● EXERCISE OBJECTIVE
Repeat exactly what runs from the line with "This all sets" through the last line of the material, and keep the pictures out of it.

● DATA PROVIDED
------------------------
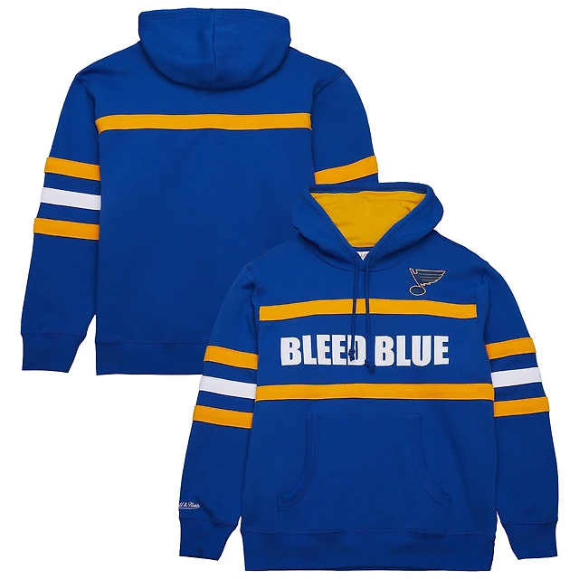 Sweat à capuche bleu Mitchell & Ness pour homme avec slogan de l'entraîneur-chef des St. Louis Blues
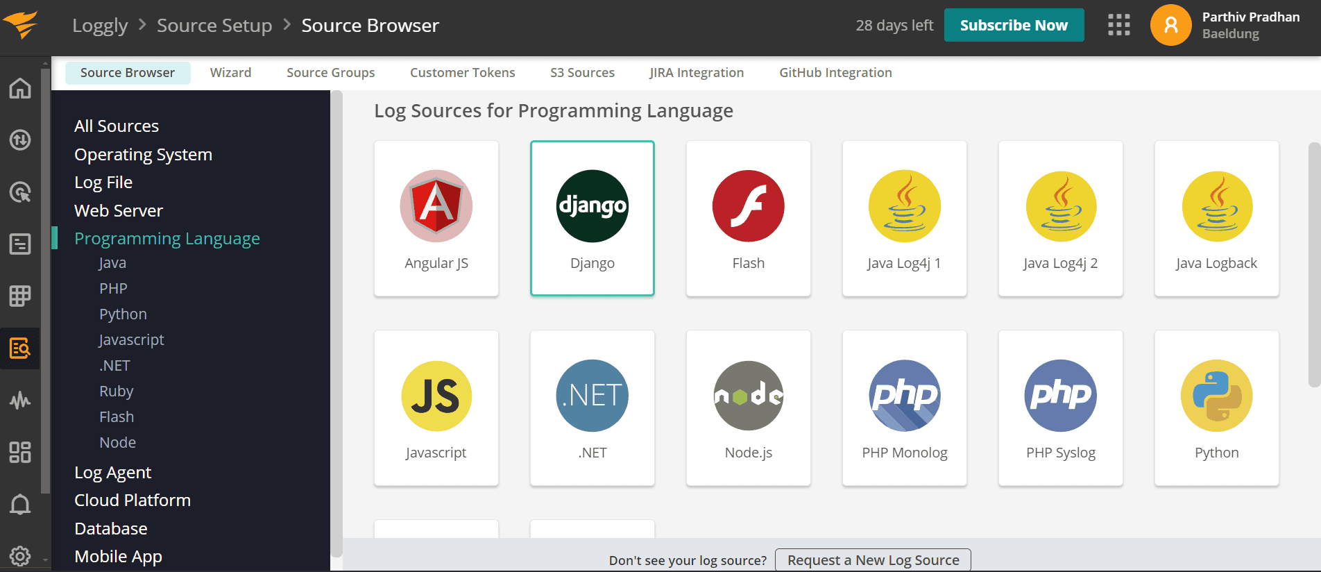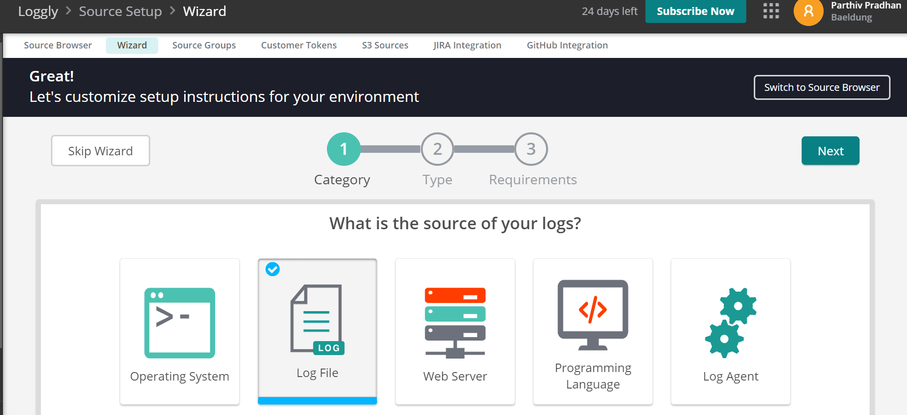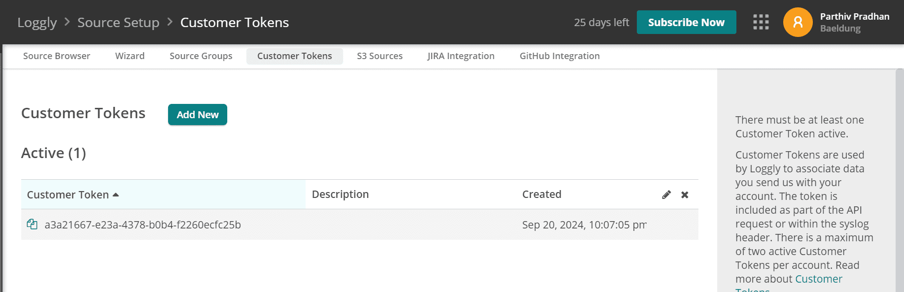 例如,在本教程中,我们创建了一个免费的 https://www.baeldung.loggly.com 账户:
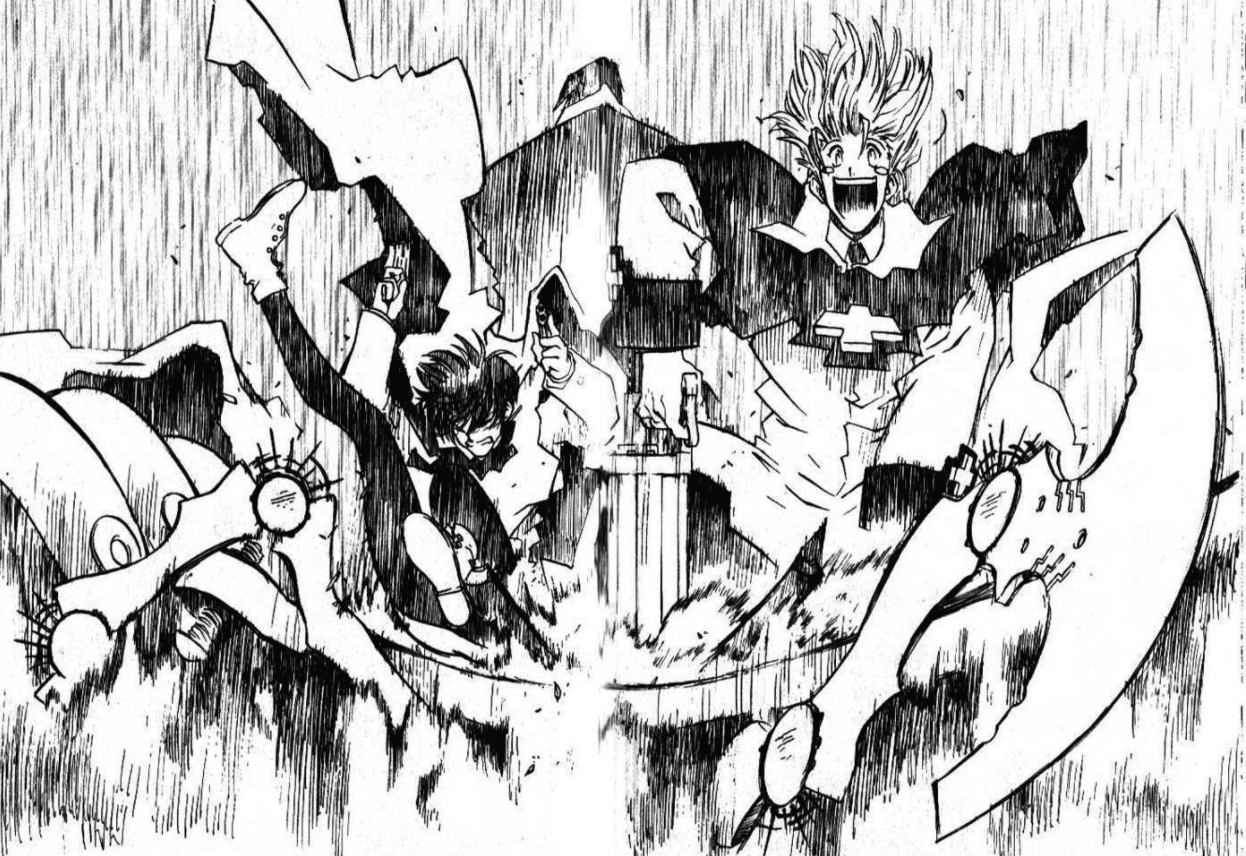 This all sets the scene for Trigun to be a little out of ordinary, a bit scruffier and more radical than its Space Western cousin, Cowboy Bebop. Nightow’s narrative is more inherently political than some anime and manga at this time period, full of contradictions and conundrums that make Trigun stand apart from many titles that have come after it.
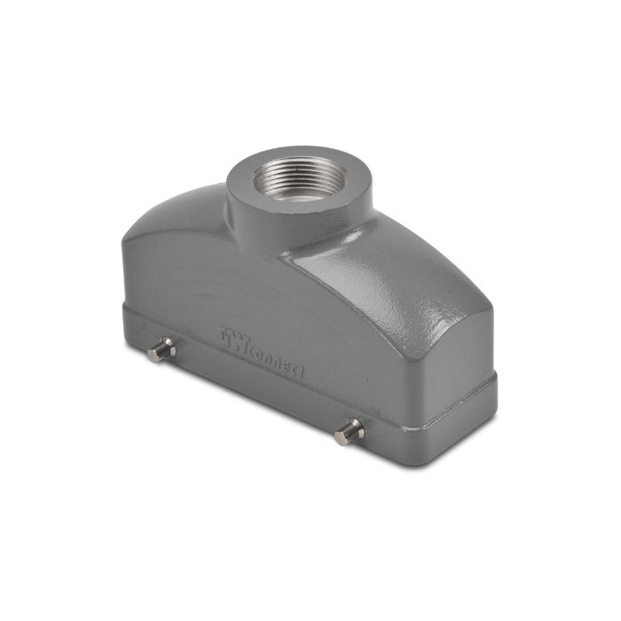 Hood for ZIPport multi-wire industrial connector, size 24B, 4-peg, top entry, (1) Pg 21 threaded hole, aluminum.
------------------------
● RESULT
 This all sets the scene for Trigun to be a little out of ordinary, a bit scruffier and more radical than its Space Western cousin, Cowboy Bebop. Nightow’s narrative is more inherently political than some anime and manga at this time period, full of contradictions and conundrums that make Trigun stand apart from many titles that have come after it.
 Hood for ZIPport multi-wire industrial connector, size 24B, 4-peg, top entry, (1) Pg 21 threaded hole, aluminum.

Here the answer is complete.